When you prompt an LLM, the prompt first undergoes tokenization so that the LLM can understand it using its own language—its vocabulary. Tokenization breaks down a text into a series of tokens, or, again, numbers, each representing a unique word-part in the vocabulary. To illustrate this concept:

tokens = tokenizer.encode("I like bananas")

for t in tokens:
print(f"{t} = {tokenizer.decode(t)}")

# Output (for example):
# 4180 = "I"
# 5 = " "
# 918 = "lik"
# 5399 = "e"
# 5 = " "
# 882 = "ba"
# 76893 = "nana"
# 121 = "s"

On Predicting the Next Token

The next step is to do what the model is supposed to do: predict the next token, also known as generating a completion for the input context (or at least the fundamental building block of this completion process).

We won't go into the internal prediction and attention mechanisms here. Instead, I want to focus on the very last stage of the prediction process.

When an LLM has done its best to "figure out" the meaning in its input context, it provides what's called a probability distribution over its vocabulary. This means that every single token is assigned the likelihood that it, among all others, should be chosen as the next predicted token in the completion—a great honor indeed.

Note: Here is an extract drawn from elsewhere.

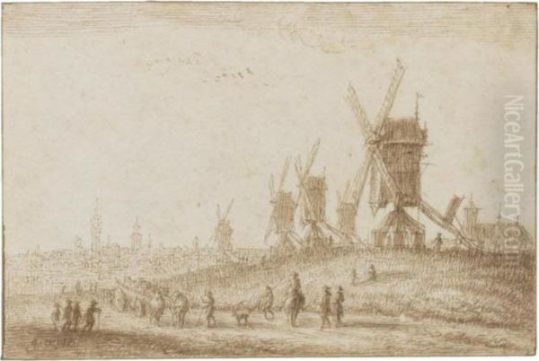 Travelers On A Road By Windmills And A Distant View Of Antwerp

The following snippet illustrates what that distribution might look like:

context_tokens = tokenizer.encode("The quick brown fox jumps over the lazy dog ")
next_token_probabilities = prompt(context_tokens)

for token, probability in next_token_probabilities:
print(f"{token} ({tokenizer.decode(token)}) = {probability}")

# Output (for example):
# ...
# 5 (" ") = 0.0001 (0.01%)
# ...
# 121 ("s") = 0.002 (0.2%)
# ...
# 4180 ("I") = 0.008 (0.8%)
# ...
# 882 ("ba") = 0.013 (1.3%)
# ...
# 918 ("lik") = 0.0004 (0.04%)
# ...
# 1000 ("dog") = 0.975 (97.5%)
# ...
# 76893 ("nana") = 0.0006 (0.06%)

Once we have this probability distribution, we need to actually decide which one to use. A naive approach would simply choose the one with the highest probability. It turns out, however, that this is a mistake. Not only can it cause models to repeat themselves robotically (a rather uninspiring application of such complex beasts); worse yet, due to biases and issues that often lurk within them, the most probable token—in their eyes—is not necessarily the ones that most of us would deem most reasonable. This is because any such statistical machine has inherent flaws and inaccuracies in its representation of our complex world.

Thus, we don't simply choose the token with the highest probability. Instead, we choose one using various sampling techniques that introduce randomization into the choice process, while respecting the assigned probabilities (kind of like rolling a loaded dice that's heavier on the sides that represent the more likely tokens).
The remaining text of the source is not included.